Given data below:

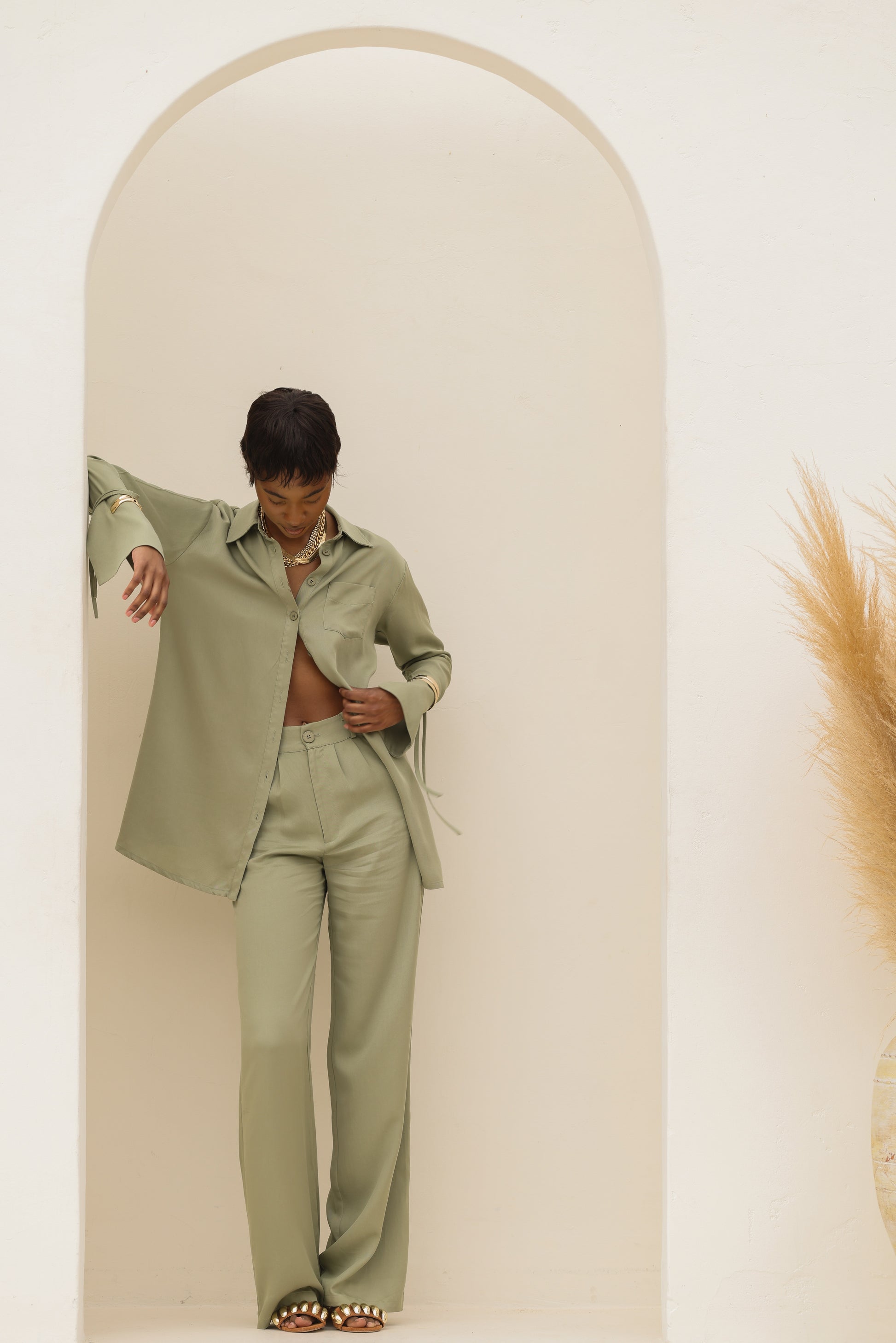 - Redefine effortless elegance with these sage green wide-leg pants, crafted from 100% Tencel™ Modal for a soft, breathable, and sustainable feel.
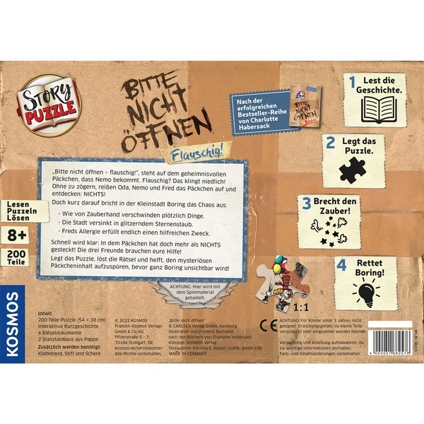 In der Kleinstadt Boring ist ganz im Gegensatz zu ihrem Namen immer etwas los! Nemo und seine Freunde Oda und Fred erleben immer wieder neue Abenteuer. Und die Spielerinnen und Spieler sind dabei: Sie tauchen ein in eine exklusive Kurzgeschichte aus der Bestseller Kinderbuch-Reihe „Bitte nicht öffnen“. Dann wird gepuzzelt: Auf dem fertig zusammen gelegten Wimmelbild-Puzzle sind viele kleine Rätsel und Suchspiele versteckt. Kurze Begleittexte führen von einer Aufgabe zur nächsten und treiben so die Story voran. Das Abenteuer geht weiter und wird interaktiv erlebbar.
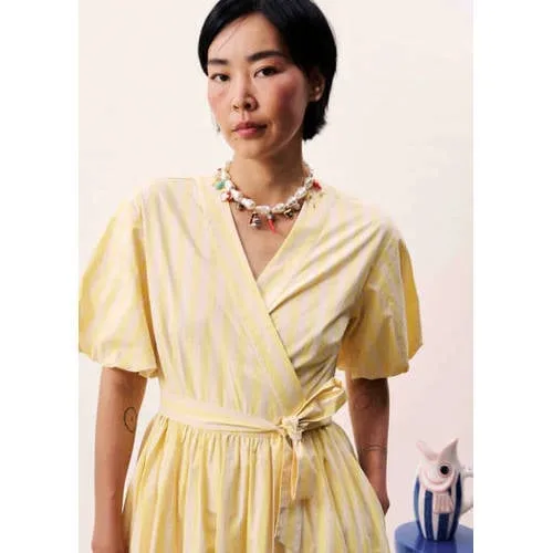 Ga voor een luchtige, zomerse look met deze lange lichtgele damesjurk van katoen van FRNCH. De jurk heeft een elegante V-hals, korte mouwen en een striksluiting in de taille, waardoor je eenvoudig een mooie pasvorm creëert. De lichte kleur en het lange silhouet zorgen voor een vrouwelijke uitstraling, passend bij zonnige dagen en avonden.Details die het verschil maken Gemaakt van 100% katoen, voelt zacht aan en is prettig om te dragen op warme dagen Lange lengte voor een elegante, vloeiende look Korte mouwen bieden net genoeg bedekking, zonder dat het warm wordt V-hals zorgt voor een open, verfijnd decolleté Striksluiting in de taille, zodat je de pasvorm zelf kunt aanpassen Lichtgele kleur met frisse holiday uitstralingVoor zonnige dagen en holiday vibesDeze jurk is een geschikte optie voor vakantie, een etentje op het terras of een zomerse dag in de stad. Draag de jurk met sandalen en een rieten tas voor een ontspannen look, of met een nette slipper en subtiele sieraden als je het iets gekleder wilt.De stijl van FRNCHFRNCH is een Frans merk dat bekendstaat om moderne, vrouwelijke items met een ontspannen city chic uitstraling. De collecties combineren speelse details met draagbare ontwerpen, die goed aansluiten bij een moderne, dagelijkse garderobe.Een lichte, lange jurk waarmee je in één keer klaar bent voor een zomerse dag.
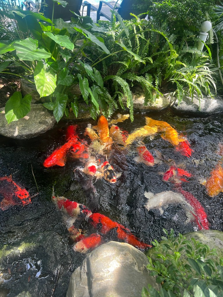 The hotel has a great swimming pool and alongside that a carp pond, full of very well fed fish.
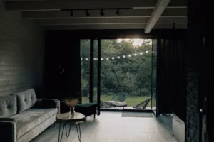 Enklawa to całoroczny dom w otoczeniu lasów i łąk, idealny na odpoczynek z dala od zgiełku. Z przestronnego tarasu i dużych przeszkleń podziwiać można życie Natury o każdej porze dnia. W środku czekają dwie komfortowe sypialnie z łóżkami king size, salon z kominkiem-kozą, w pełni wyposażona kuchnia i wanna z widokiem. Goście mogą wypoczywać w ogrodzie z jacuzzi, przy ognisku lub z książką w domowej biblioteczce. Enklawa to miejsce na Święta, rocznice i proste chwile offline, a więc z dala od zasięgu, blisko siebie.
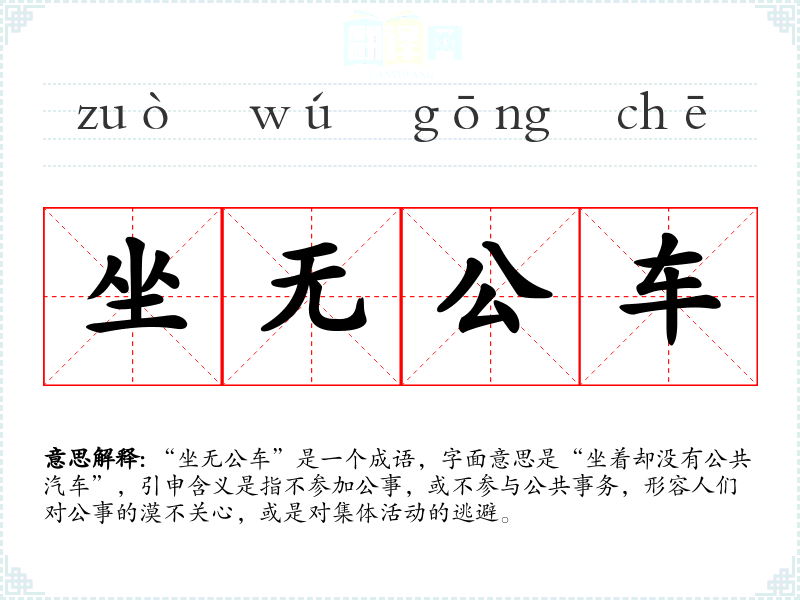 “坐无公车”是一个成语,字面意思是“坐着却没有公共汽车”,引申含义是指不参加公事,或不参与公共事务,形容人们对公事的漠不关心,或是对集体活动的逃避。
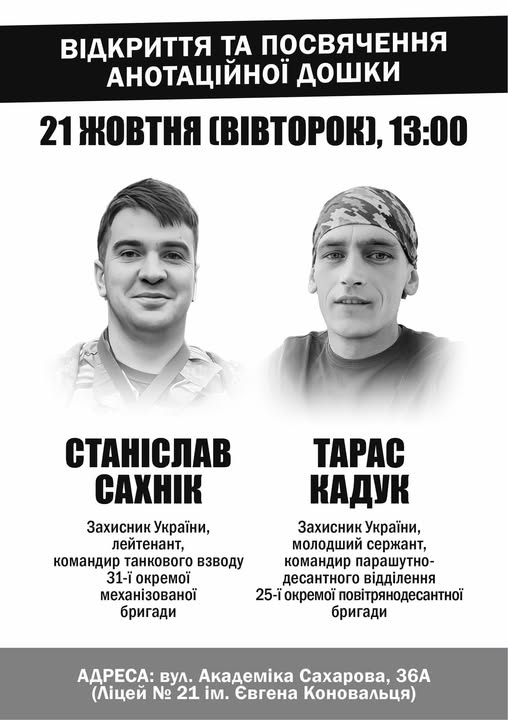 На фасаді Ліцей 21 імені Євгена Коновальця Івано-Франківської міської ради відкриють памʼятні дошки Станіславу Сахніку та Тарасу Кадуку — випускникам навчального закладу, які віддали життя за свободу та незалежність нашої держави.
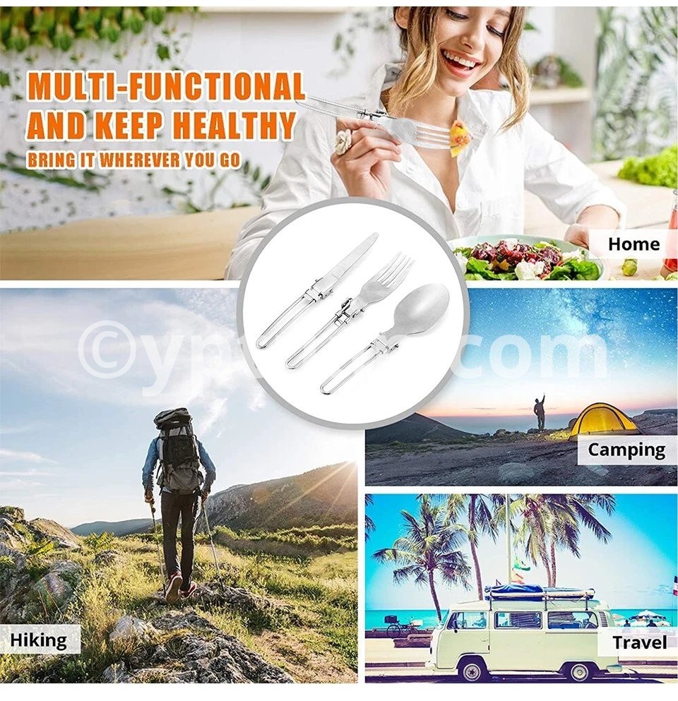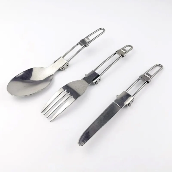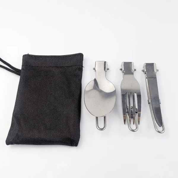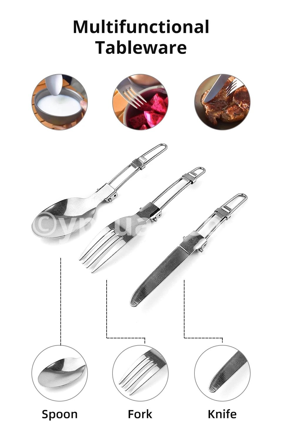 Camping Fork Spoon Outdoor Tableware Foldable Ultralight Stainless Steel Set Of Dishes For Camping Outdoor Cooking
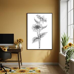 Quadro Girassol Desenho Fino - 70x50cm Mold Preta
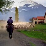 Caminata hacia los corrales para presenciar el ordeñe y arrear las ovejas hacia los potreros, antes de que el grupo se separe entre los que optaron por la caminata o por la cabalgata de duración de 45 minutos.
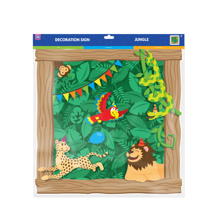 De Jungle decoration signs zijn speciaal gemaakt voor kinderfeestjes met als thema de jungle. Deze grote huldeschilden zijn met 50 x 50 centimeter de perfecte decoratie aan deuren en ramen zodat men direct ziet dat er een feestje is. Dit huldeschild in jungle-stijl is gemaakt van karton met een plastic laagje. Combineer ze met de jungle ballonnen, vlaggenlijnen, party tape en swirls en je hebt alles in huis voor het perfecte kinderfeestje!
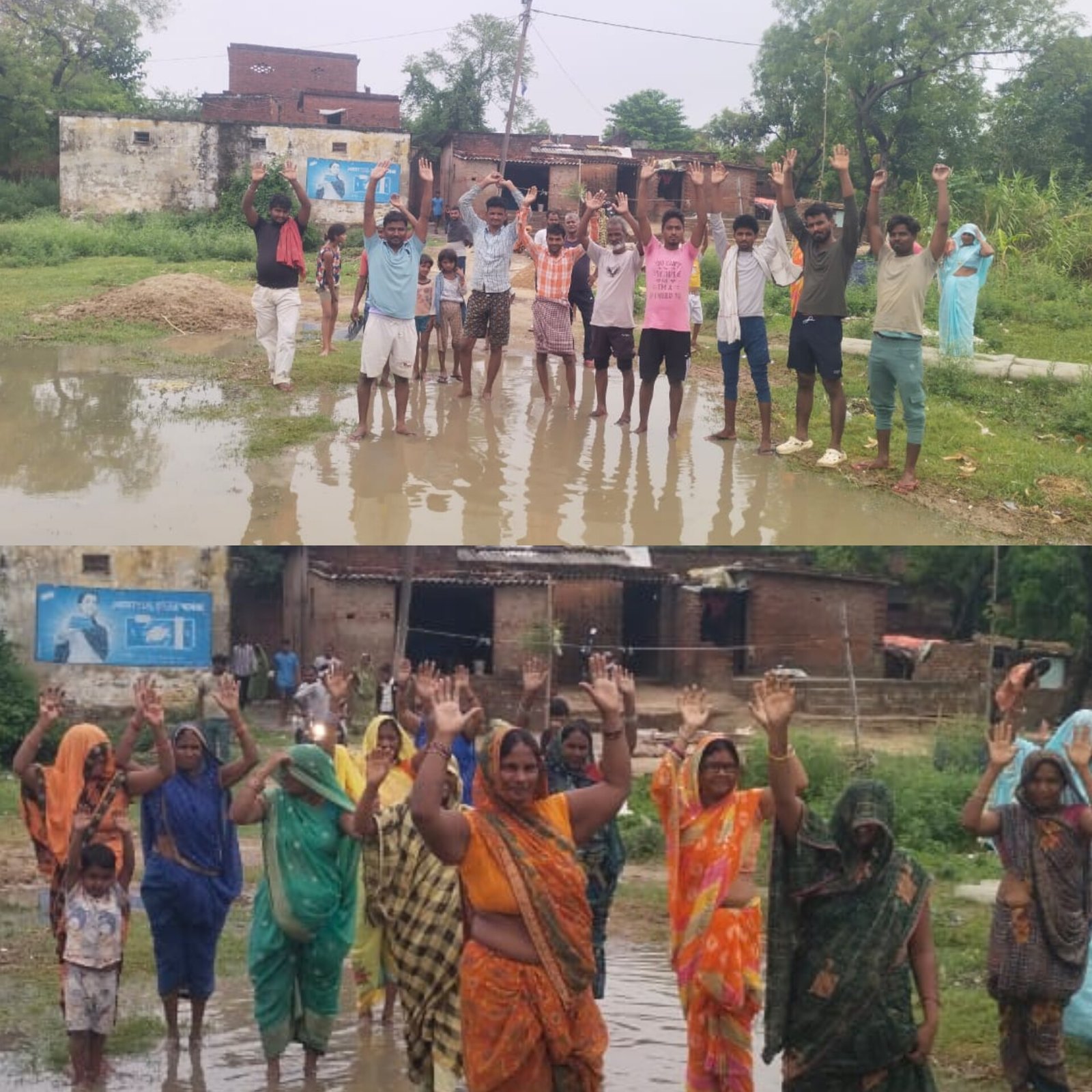 बिगहि की दलित बस्ती में बारिश का पानी भरने से ग्रामीण परेशान, प्रदर्शन

End of Given data.

» To do:
Transcribe all records verbatim, no pictures.

» Answer space:
 - Redefine effortless elegance with these sage green wide-leg pants, crafted from 100% Tencel™ Modal for a soft, breathable, and sustainable feel.
 In der Kleinstadt Boring ist ganz im Gegensatz zu ihrem Namen immer etwas los! Nemo und seine Freunde Oda und Fred erleben immer wieder neue Abenteuer. Und die Spielerinnen und Spieler sind dabei: Sie tauchen ein in eine exklusive Kurzgeschichte aus der Bestseller Kinderbuch-Reihe „Bitte nicht öffnen“. Dann wird gepuzzelt: Auf dem fertig zusammen gelegten Wimmelbild-Puzzle sind viele kleine Rätsel und Suchspiele versteckt. Kurze Begleittexte führen von einer Aufgabe zur nächsten und treiben so die Story voran. Das Abenteuer geht weiter und wird interaktiv erlebbar.
 Ga voor een luchtige, zomerse look met deze lange lichtgele damesjurk van katoen van FRNCH. De jurk heeft een elegante V-hals, korte mouwen en een striksluiting in de taille, waardoor je eenvoudig een mooie pasvorm creëert. De lichte kleur en het lange silhouet zorgen voor een vrouwelijke uitstraling, passend bij zonnige dagen en avonden.Details die het verschil maken Gemaakt van 100% katoen, voelt zacht aan en is prettig om te dragen op warme dagen Lange lengte voor een elegante, vloeiende look Korte mouwen bieden net genoeg bedekking, zonder dat het warm wordt V-hals zorgt voor een open, verfijnd decolleté Striksluiting in de taille, zodat je de pasvorm zelf kunt aanpassen Lichtgele kleur met frisse holiday uitstralingVoor zonnige dagen en holiday vibesDeze jurk is een geschikte optie voor vakantie, een etentje op het terras of een zomerse dag in de stad. Draag de jurk met sandalen en een rieten tas voor een ontspannen look, of met een nette slipper en subtiele sieraden als je het iets gekleder wilt.De stijl van FRNCHFRNCH is een Frans merk dat bekendstaat om moderne, vrouwelijke items met een ontspannen city chic uitstraling. De collecties combineren speelse details met draagbare ontwerpen, die goed aansluiten bij een moderne, dagelijkse garderobe.Een lichte, lange jurk waarmee je in één keer klaar bent voor een zomerse dag.
 The hotel has a great swimming pool and alongside that a carp pond, full of very well fed fish.
 Enklawa to całoroczny dom w otoczeniu lasów i łąk, idealny na odpoczynek z dala od zgiełku. Z przestronnego tarasu i dużych przeszkleń podziwiać można życie Natury o każdej porze dnia. W środku czekają dwie komfortowe sypialnie z łóżkami king size, salon z kominkiem-kozą, w pełni wyposażona kuchnia i wanna z widokiem. Goście mogą wypoczywać w ogrodzie z jacuzzi, przy ognisku lub z książką w domowej biblioteczce. Enklawa to miejsce na Święta, rocznice i proste chwile offline, a więc z dala od zasięgu, blisko siebie.
 “坐无公车”是一个成语,字面意思是“坐着却没有公共汽车”,引申含义是指不参加公事,或不参与公共事务,形容人们对公事的漠不关心,或是对集体活动的逃避。
 На фасаді Ліцей 21 імені Євгена Коновальця Івано-Франківської міської ради відкриють памʼятні дошки Станіславу Сахніку та Тарасу Кадуку — випускникам навчального закладу, які віддали життя за свободу та незалежність нашої держави.
 Camping Fork Spoon Outdoor Tableware Foldable Ultralight Stainless Steel Set Of Dishes For Camping Outdoor Cooking
 Quadro Girassol Desenho Fino - 70x50cm Mold Preta
 Caminata hacia los corrales para presenciar el ordeñe y arrear las ovejas hacia los potreros, antes de que el grupo se separe entre los que optaron por la caminata o por la cabalgata de duración de 45 minutos.
 De Jungle decoration signs zijn speciaal gemaakt voor kinderfeestjes met als thema de jungle. Deze grote huldeschilden zijn met 50 x 50 centimeter de perfecte decoratie aan deuren en ramen zodat men direct ziet dat er een feestje is. Dit huldeschild in jungle-stijl is gemaakt van karton met een plastic laagje. Combineer ze met de jungle ballonnen, vlaggenlijnen, party tape en swirls en je hebt alles in huis voor het perfecte kinderfeestje!
 बिगहि की दलित बस्ती में बारिश का पानी भरने से ग्रामीण परेशान, प्रदर्शन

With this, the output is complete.